Patent-Eligible Subject Matter
The subject matter of the invention must fall within one of the patentable subject matter areas set forth by Congress. Patentable inventions include the following: a process/method, machine, manufacture, or composition of matter, or any new and useful improvement thereof. The courts have stated that Congress had intended patentable subject matter to be very broad and may include anything under the sun that is made by man.
The invention must be new (e.g. novel). Patents are only granted on new inventions. Patents are designed to encourage inventing and the disclosure of inventions. Therefore if your invention has already been disclosed to the public in certain predefined ways, then you may be prohibited from obtaining a patent over your invention. A patent novelty search is designed to provide you with some information on whether your idea is new and therefore patentable.
However, an invention may be considered new even if the invention includes parts that are old and known. Many (if not most) inventions are an improvement on an old invention. Even the combination of old parts in a new way can be patentable. Similarly a new method of using a known device my be patentable.
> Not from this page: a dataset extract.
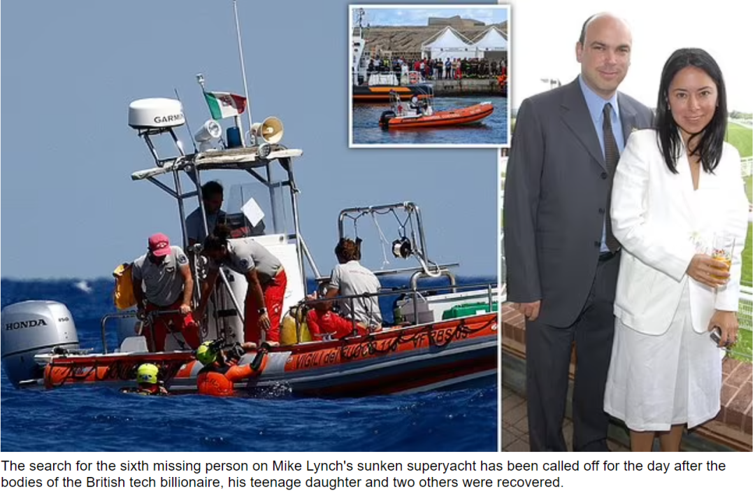 本周一(19日凌晨),一艘超豪游艇在意大利西西里岛附近的一场异常风暴中沉没,造成1人死亡,6人失踪,其中包括被誉为“英国版比尔‧盖兹”的亿万富豪迈克·林奇(Mike Lynch,下图)。
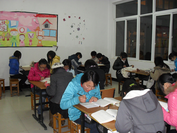 自习室开办以来,同学们的学习热情更高了,学习气氛也更加浓烈了。每天的自习室内总是座无虚席,同学们积极认真的学习态度,令老师们倍感欣慰。由于天气寒冷,自习室还特意为同学们准备了开水,让每一个来自习室学习的同学感到了温暖。

A patentable invention must have a use or utility. This is the most easy element to satisfy. Unless the invention is only useful as landfill, the invention most likely is useful for something.
The invention must be non-obvious in view of the prior art (prior inventions and publications, among other things). The non-obviousness requirement is intended to ensure that the invention is sufficiently different or new to warrant patent protection. The non-obviousness requirement is not necessarily synonymous with the common understanding of the word “obvious.” The non-obviousness element is very circumstance dependent. Very small changes may be considered non-obvious. You should be sure to check with an patent attorney before concluding that your invention is obvious.
If your invention meets each of the above requirements, then the invention should be eligible for patenting, assuming all of the procedural requirements are met in filing and prosecuting a patent application.
The above requirements are for utility patents. The ornamental design of an article of manufacture may receive a design patent if it is new and original. Therefore like invention of a utility patent, the ornamental design can be protected if it is new and non-obvious. As design patent protection is narrow, even small changes in the ornamental design of an article may received design patent protection.
Plant patents may be granted to anyone who invents or discovers and asexually reproduces any distinct and new variety of plant.